Papież na audiencji: czym mamy się chlubić? Miłością Boga

„Od najmłodszych lat uczono nas, że niedobrze się przechwalać. I słusznie, bo chlubienie się tym, czym jesteśmy, czy też tym, co posiadamy, zdradza nie tylko pychę, ale także brak szacunku wobec innych”. Takimi słowami Franciszek rozpoczął na dzisiejszej audiencji ogólnej swą  kolejną katechezę o chrześcijańskiej nadziei. Ale zaraz zwrócił uwagę, że mimo to św. Paweł w Liście do Rzymian paradoksalnie zachęca, żeby się chlubić. A czyni to aż dwa razy po kolei. Najpierw pisze, że dzięki Chrystusowi „uzyskaliśmy przez wiarę dostęp do tej łaski, w której trwamy i chlubimy się nadzieją chwały Bożej” (Rz 5, 2).

„Zostajemy zachęceni, by chlubić się obfitością łaski, którą przez wiarę jesteśmy przepojeni w Jezusie Chrystusie. Paweł chce nam uzmysłowić, że ​​jeśli nauczymy się odczytywać wszystko w świetle Ducha Świętego, to zdamy sobie sprawę, że wszystko jest łaską! Wszystko jest darem! Jeśli bowiem zwrócimy uwagę na działanie – tak w historii, jak i w naszym życiu – to nie tylko my działamy, ale działa przede wszystkim Bóg. To On jest absolutnym sprawcą, który stwarza wszystko jako dar miłości, snując wątek swego planu zbawienia i wypełniając go dla nas za pośrednictwem swego Syna, Jezusa.
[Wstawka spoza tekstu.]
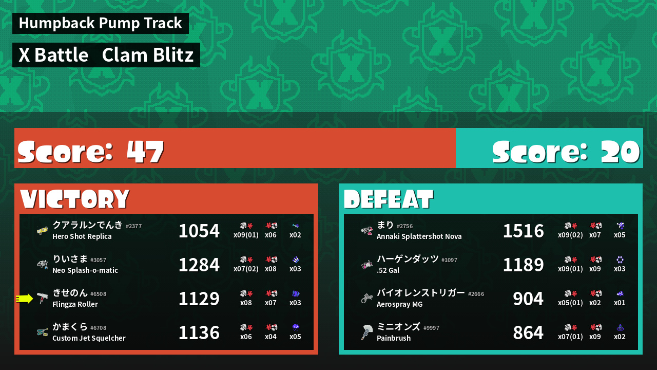 | Medals | #1 Clam Carrier #1 Enemy Splatter #1 Clam Stopper | ||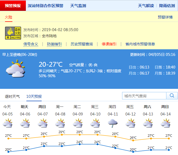 深圳新聞網(wǎng)2019年4月5日訊 深圳市氣象臺預(yù)計,清明假期(5-7日)我市多云可見陽光,溫暖干燥。其中,5日氣溫20℃-27℃,相對濕度50%-90%,東風(fēng)2-3級;6-7日多云可見陽光;8-10日以多云為主,氣溫繼續(xù)上升,偶有分散陣雨。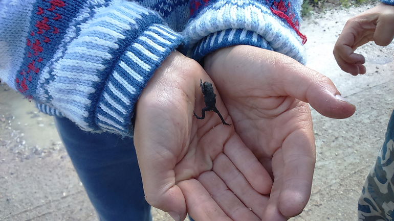 Детки развлекались как могли, и с чем могли, постоянно находят каких-то животных. То головастиков, то вот лягушек, потом кузнечиков.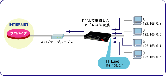 LAN側にローカルアドレスを割り当てている場合、そのままのアドレスでは公共のネットワーク(インターネット等)に接続することはできません。

My mamy to wszystko uznać, zaakceptować ten plan z  wdzięcznością i uczynić go motywem uwielbienia, błogosławieństwa i wielkiej radości”.

Czyniąc tak, doświadczamy pokoju z Bogiem i wolności – wskazał dalej Papież. Podkreślił, że obejmuje to wszystkie dziedziny życia. To pokój z samymi sobą, w rodzinie, w pracy.

„Paweł jednak zachęca, byśmy chlubili się także z ucisków. To niełatwo zrozumieć. Okazuje się to dla nas trudniejsze i może się wydawać, że nie ma nic wspólnego z dopiero co opisanym stanem pokoju, tymczasem stanowi jego najbardziej autentyczny, najprawdziwszy warunek wstępny. Bowiem pokoju, który daje nam i zapewnia Pan, nie należy rozumieć jako brak trosk, rozczarowań, niedostatków, motywów cierpienia. Gdyby tak było, to w przypadku, gdyby nam się udało trwać w pokoju, chwila ta szybko by się skończyła i nieuchronnie popadlibyśmy w przygnębienie. Pokój wypływający z wiary jest natomiast darem: to łaska doświadczania, że Bóg nas kocha i zawsze jest u naszego boku, nie zostawia nas samymi ani na jedną chwilę naszego życia”.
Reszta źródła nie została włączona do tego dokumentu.